As Facebook focuses on Messenger, expect video calls, games and other new features


As Facebook focuses on Messenger, expect video calls, games and other new features

Facebook has spent the last few months developing its Messenger app into a more feature-rich service to rival WhatsApp and others, and it’s sure to have more plans to branch into new areas and provide a better user experience.

We’ve long said that the social network needs to up its messaging game, since the genre is exploding in Asia and has the potential to become a huge segment in North America and Europe. While Facebook owns the Web’s social experience, apps like Line, WeChat, WhatsApp and others are becoming the center of the smartphone experience for many.

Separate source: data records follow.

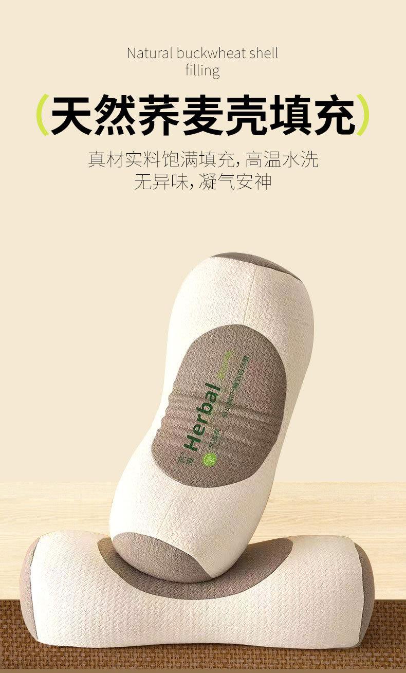 Travesseiro de Casca de Trigo Sarraceno para Suporte do Pescoço Ajuda para Adultos Dormir Travesseiro de Tração com Arco Ósseo Suporte Travesseiro Cervical Cilíndrico Duro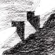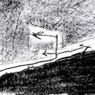 A series of charcoal drawings (right) examining how the building touches the ground, how users move to the site and into the building, and how framed views influence the geometry of the building.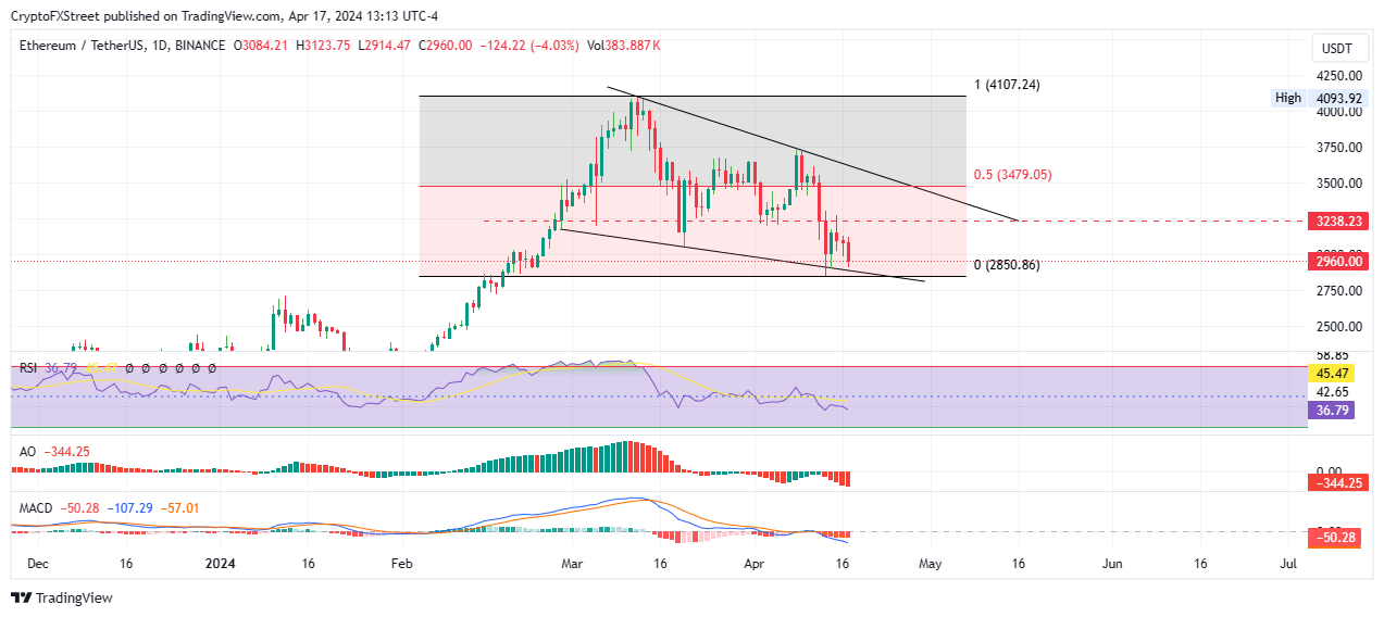 Ethereum price is trading with a bearish bias, an outlook seen across the market. If Bitcoin price crashes further, ETH could follow, slipping below the bottom of the market range at $2,850. In a dire case, the altcoin could drop to provide another buying opportunity around $2,750.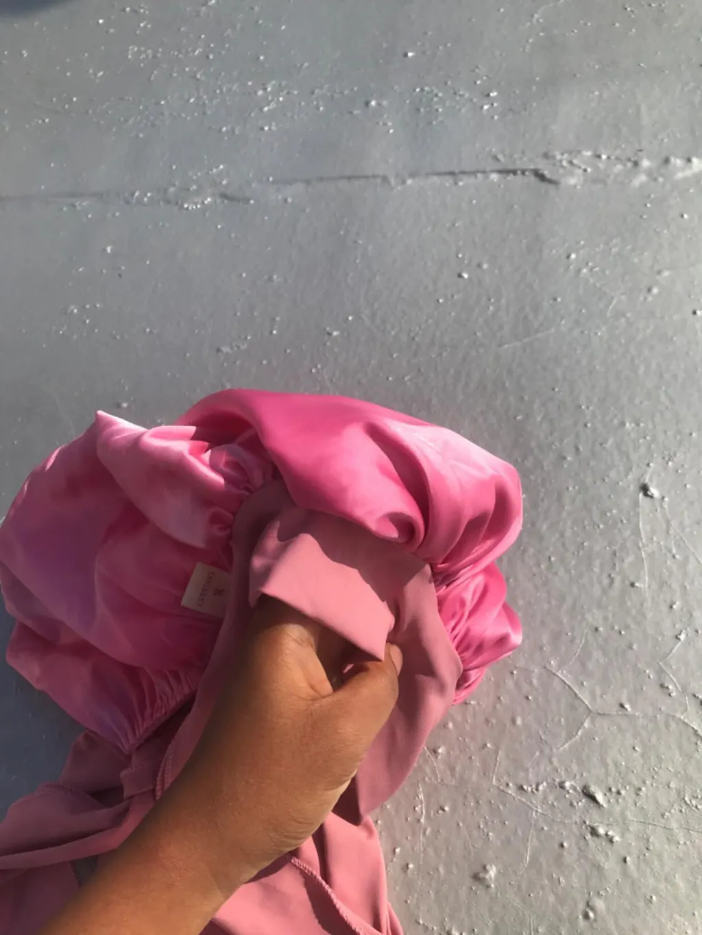 This is a retro-style turban featuring a long hat with folds, this hat can be worn as a fashion accessory, or it can be a great nightcap. The fabric is made of 100% mulberry silk. It can reduce frizzy hair and is good for nourishing and protecting your hair.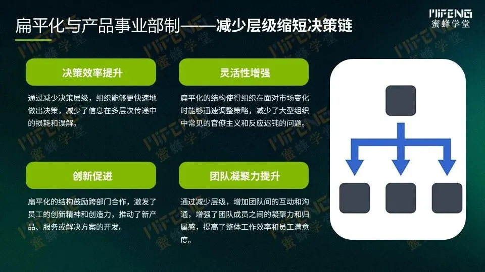 核心就是砍掉不必要的中间层级,让每条产品线像独立的“小公司”,直接对接市场与生产。决策链因此大幅缩短,市场变化能秒速响应,部门间的推诿扯皮也显著减少。

Facebook was linked with a deal to buy WhatsApp back in December but, as we said back then, that move didn’t quite make sense. WhatsApp is still hugely popular but it appears to be in decline in key emerging markets, while Facebook’s own Messenger client has the potential to rival it if it is furnished with improvements. Now, it seems Facebook is exploring the latter idea.

Lately, Facebook has added a string of new features that include free VoIP calling, which is rolling out worldwide, and voice and video recording. While these features are not earth-shattering for those familiar with other apps, they show that the company is keen to sharpen its mobile messaging chops and adopt what is working for others in the market.

With that in mind, here’s a look at what Facebook might introduce to Messenger next. We’re taking a cue from Asia, where mobile messaging has exploded over the past year and a half and become big business — China’s WeChat has 300 million users, Japan’s Line has 100 million and Korea’s Kakao Talk is close to the century mark.

Video calling

With VoIP calling already rolled out in Canada and the US and coming to more markets soon, Skype-like video calls would be a logical next step. Already the feature is common to most messaging apps, especially those in Asia, and adding the option to video chat with friends would likely give the app new appeal. FaceTime has proven popular for allowing easy video calls, but Facebook Messenger video would be truly cross-platform given that almost all smartphone owners use the social network.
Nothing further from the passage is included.